■ Recorded data:
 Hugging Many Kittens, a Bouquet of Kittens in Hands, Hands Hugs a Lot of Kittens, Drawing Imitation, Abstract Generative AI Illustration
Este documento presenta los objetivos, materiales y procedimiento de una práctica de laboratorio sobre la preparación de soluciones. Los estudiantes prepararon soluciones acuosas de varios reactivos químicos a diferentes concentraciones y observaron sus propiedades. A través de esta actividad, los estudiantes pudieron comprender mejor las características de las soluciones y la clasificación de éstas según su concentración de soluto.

---

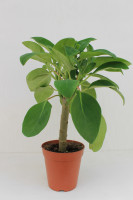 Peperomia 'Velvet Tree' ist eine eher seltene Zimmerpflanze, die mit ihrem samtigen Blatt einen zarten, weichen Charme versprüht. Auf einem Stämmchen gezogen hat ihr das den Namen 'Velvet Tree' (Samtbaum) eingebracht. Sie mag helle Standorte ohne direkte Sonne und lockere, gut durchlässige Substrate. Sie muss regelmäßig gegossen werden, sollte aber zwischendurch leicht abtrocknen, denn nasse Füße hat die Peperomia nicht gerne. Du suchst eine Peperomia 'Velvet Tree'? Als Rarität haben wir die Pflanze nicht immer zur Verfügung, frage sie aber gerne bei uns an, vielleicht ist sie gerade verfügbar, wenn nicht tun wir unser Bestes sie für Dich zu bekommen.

■ What the task requires: With the line holding "Hugging Many Kittens, a" as the first and the line holding "Este documento presenta" as the last, set down that range of the entries above exactly, and nothing else.

■ Response area:
 Hugging Many Kittens, a Bouquet of Kittens in Hands, Hands Hugs a Lot of Kittens, Drawing Imitation, Abstract Generative AI Illustration
Este documento presenta los objetivos, materiales y procedimiento de una práctica de laboratorio sobre la preparación de soluciones. Los estudiantes prepararon soluciones acuosas de varios reactivos químicos a diferentes concentraciones y observaron sus propiedades. A través de esta actividad, los estudiantes pudieron comprender mejor las características de las soluciones y la clasificación de éstas según su concentración de soluto.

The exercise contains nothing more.